*** Supplied data ***
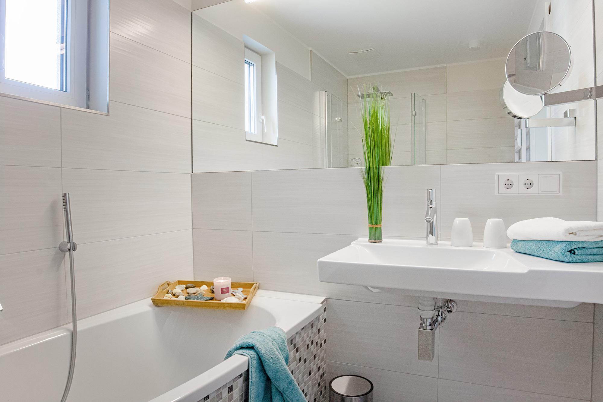 Die Wellness-Bäder, eines mit eigener Sauna und von einem Schlafzimmer direkt erreichbar, laden auch an grauen und kalten Tagen zur Entspannung ein. Handtuchwärmer, große Dusche oder Wanne sorgen für extra Annehmlichkeit. Eine Waschmaschine + Trockner (Münznutzung) stehen zudem im Erdgeschoss des Hauses zur Nutzung bereit. Als Besonderheit hierbei sei das kleine Fenster der Sauna, mit direktem Blick auf die Ostsee, genannt.
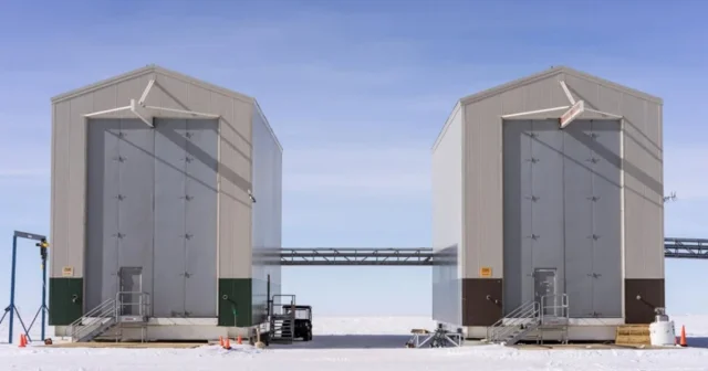 Два одинаковых строения расположены на американской антарктической станции Мак-Мердо. Такие шары используются для длительных полётов (которые измеряются неделями) в научных целях в верхних слоях атмосферы. Кстати, эти здания являются передвижными.
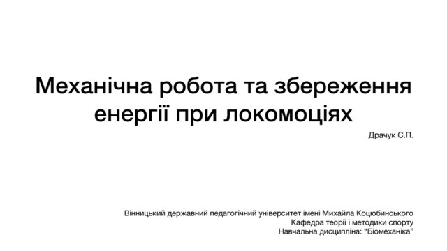 формулою: рек = , де рек - коефіцієнт рекуперації, - квазімеханічна робота, – повна механічна енергія біоланок. Якщо коефіцієнт рекуперації знаходиться в межах від 0 до 0,3, то коефіцієнт низький, енергія в системі не зберігається, тіло рухається не економно; від 0,3 до 0,6 – коефіцієнт середній, енергія зберігається; від 0,6 до 0,9 – високий коефіцієнт, енергія в системі зберігається, рух виконується економно. K wKM − ∑ Δϵi wKM K wKM ∑ Δϵi
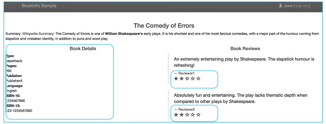 此时访问/productpage页面,效果如图10-8所示,details与ratings部分均能正常显示,而且这两个服务都是来自于ECS。从中可以更清晰地观察Bookinfo应用在输出方面的差异,评级记录值来自于数据库,所生成的评级显示与前面没有使用数据库的情况下生成的评级显示不同。
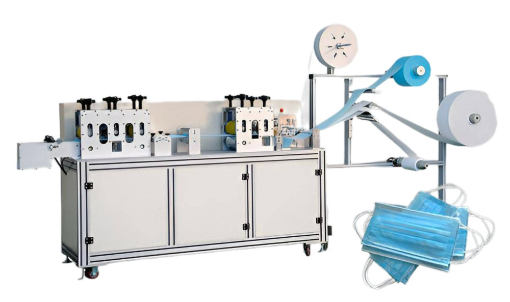 Автоматическая машина для производства медицинских масок из спанбонда посредством ультразвуковой сварки.
*** End of Supplied data ***
▶ [What is needed]: Print the lines from the one that contains "формулою: рек = , де" through the last line of the data, exactly and in full, and no other lines. Pictures are not part of the copy.

▶ [Written solution]:
 формулою: рек = , де рек - коефіцієнт рекуперації, - квазімеханічна робота, – повна механічна енергія біоланок. Якщо коефіцієнт рекуперації знаходиться в межах від 0 до 0,3, то коефіцієнт низький, енергія в системі не зберігається, тіло рухається не економно; від 0,3 до 0,6 – коефіцієнт середній, енергія зберігається; від 0,6 до 0,9 – високий коефіцієнт, енергія в системі зберігається, рух виконується економно. K wKM − ∑ Δϵi wKM K wKM ∑ Δϵi
 此时访问/productpage页面,效果如图10-8所示,details与ratings部分均能正常显示,而且这两个服务都是来自于ECS。从中可以更清晰地观察Bookinfo应用在输出方面的差异,评级记录值来自于数据库,所生成的评级显示与前面没有使用数据库的情况下生成的评级显示不同。
 Автоматическая машина для производства медицинских масок из спанбонда посредством ультразвуковой сварки.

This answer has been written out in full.